Learn Detecting Missing And Broken Events for free with explanations, exercises, and a quick test (for Product Analyst).

Published: December 22, 2025 | Updated: December 22, 2025

Why this matters

As a Product Analyst, your insights are only as good as the data behind them. Missing or broken events quietly distort funnels, A/B tests, retention, and revenue attribution. Detecting issues early prevents weeks of misleading dashboards and wrong decisions.

  • Find the real cause of sudden funnel drops
  • Catch schema changes that break dashboards
  • Stop double-counting or sample bias before it spreads
  • Give engineering clear, actionable fixes

Who this is for

  • Product Analysts and Data Analysts working with event data
  • Product Managers who own KPI dashboards
  • Engineers instrumenting product analytics

Prerequisites

  • Basics of event tracking: event name, timestamp, user/session IDs, properties
  • Comfort with funnels and cohort definitions
  • Ability to run simple queries or use your analytics tool’s charts

Concept explained simply

Think of your event stream like a heartbeat monitor for your product. When events go missing, the heart skips beats. When events are broken, the signal is noisy or mislabeled.

  • Missing events: expected events stop arriving (volume collapses, gaps in time)
  • Broken events: events arrive but are wrong (name changed, properties missing, duplicates, wrong timestamp)

Mental model: Volume, Shape, Flow

  • Volume: how many events per time unit or per active user
  • Shape: schema correctness (properties exist, types/values valid)
  • Flow: relationships between events (ratios, funnels, cause–effect)

Detect by watching all three. If any axis changes suddenly without a plausible product reason, investigate.

Core detection signals

  • Volume anomalies: sharp drop/spike vs 7/28-day baseline
  • User-normalized ratios: events per active user/device
  • Schema validity: required properties present and typed correctly
  • Topology ratios: downstream-to-upstream event ratio (e.g., CheckoutCompleted / AddToCart)
  • Freshness: events arriving too late or with future timestamps
  • Duplicates: unusually high event-per-user per minute
Show quick checks
  • Day-over-day change beyond threshold (e.g., 30–50%)
  • Property null rate drift (e.g., >5–10% increase)
  • Version change detected in payload (event_version, sdk_version)
  • Time skew: created_at vs received_at difference

Worked examples

Example 1: Sudden drop in AddToCart

Signal: AddToCart events down 65% day-over-day. Active users only down 2%.

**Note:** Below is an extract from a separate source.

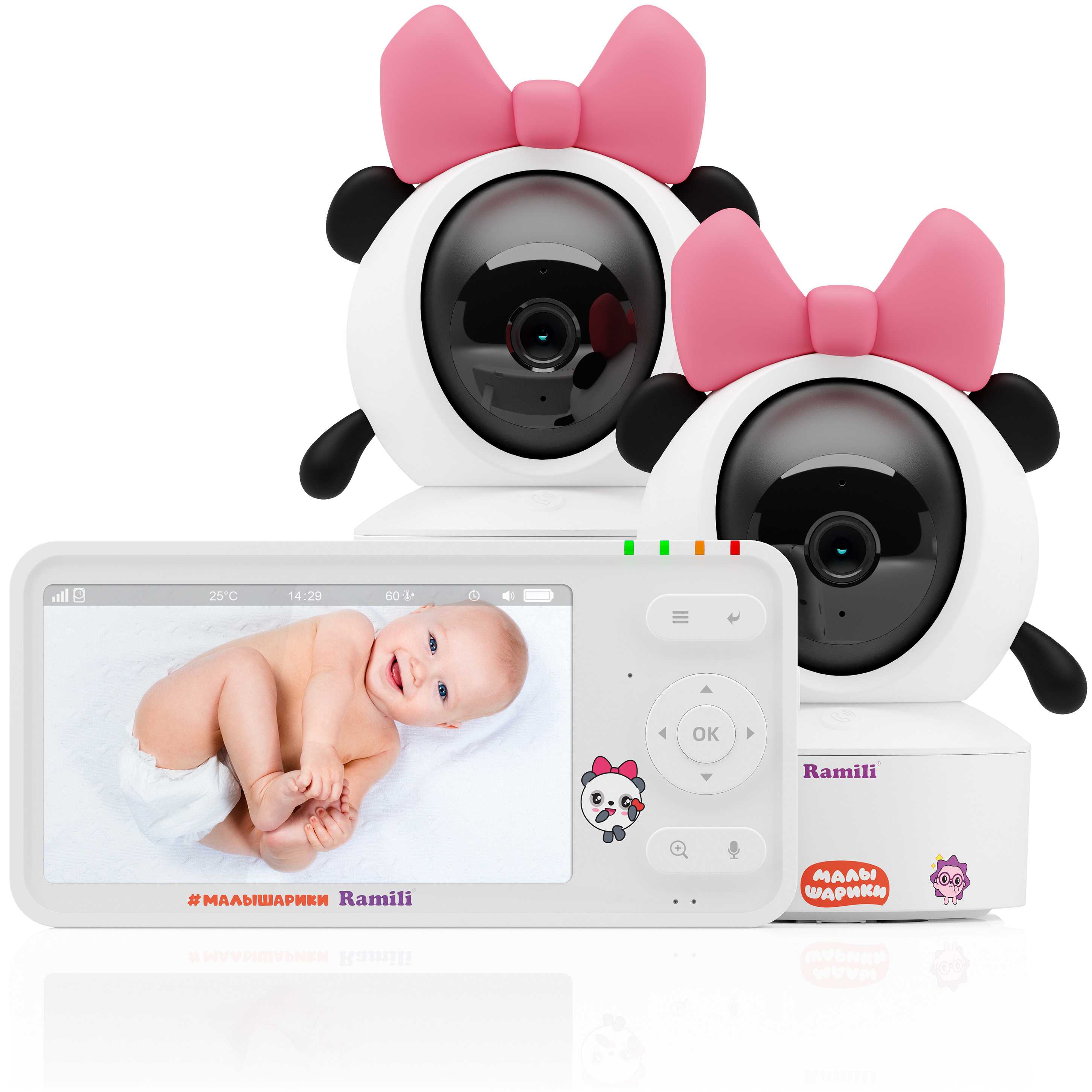 В наборе две камеры и родительский блок. Дизайн этой видеоняни Ramili Baby RV700X2PANDA выполнен по мотивам серии популярных мультфильмов для самых маленьких зрителей – Малышарики. Уникальный и забавный дизайн камеры порадует малыша и отлично впишется в интерьер любой детской комнаты.
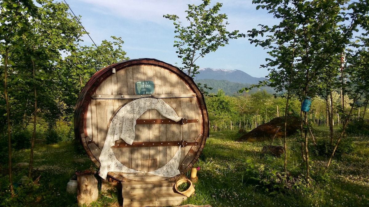 We zijn trots om onze unieke glamping plek "Diogenes Barrel" te presenteren; Hebben een comfortabel en filosofisch verblijf, terwijl omgeven door een wijngaard, hazelnoten, kleine theeplantage, bamboe bos, prive-stroom, en een prachtig uitzicht op de berg Gomi. Dit unieke verblijf is gelegen in West-Georgië, Guria, waar mensen altijd vrolijk en gastvrij zijn, de natuur subtropisch en groen is, rivieren snel en luidruchtig zijn en traditionele liedjes pittig zijn en nog steeds worden gezongen.

  • Check ratio: AddToCart per active user fell from 0.9 to 0.3
  • Upstream event (ProductViewed) steady; downstream (CheckoutStarted) also down
  • Conclusion: Missing event, likely SDK or feature-gating change
  • Action: Confirm recent release; verify SDK init on product pages; request hotfix
What would prove it?
  • Staging environment still emits AddToCart
  • Only Web platform affected; Mobile stable
  • Release notes show deprecated click handler

Example 2: SignupCompleted missing plan_id

Signal: Revenue by plan dashboard flatlines for new users; total signups normal.

  • Null rate for plan_id jumped from 1% to 60%
  • event_version updated to v3 yesterday
  • Conclusion: Broken event schema (missing property), not missing event
  • Action: Ask engineering to re-add plan_id or map new property planTier to plan_id
Self-check
  • Verify plan distribution pre-change vs post-change
  • Ensure downstream billing table still has plan

Example 3: Double-counted Purchase

Signal: Revenue 30% higher than payment processor; Purchase per user spiked.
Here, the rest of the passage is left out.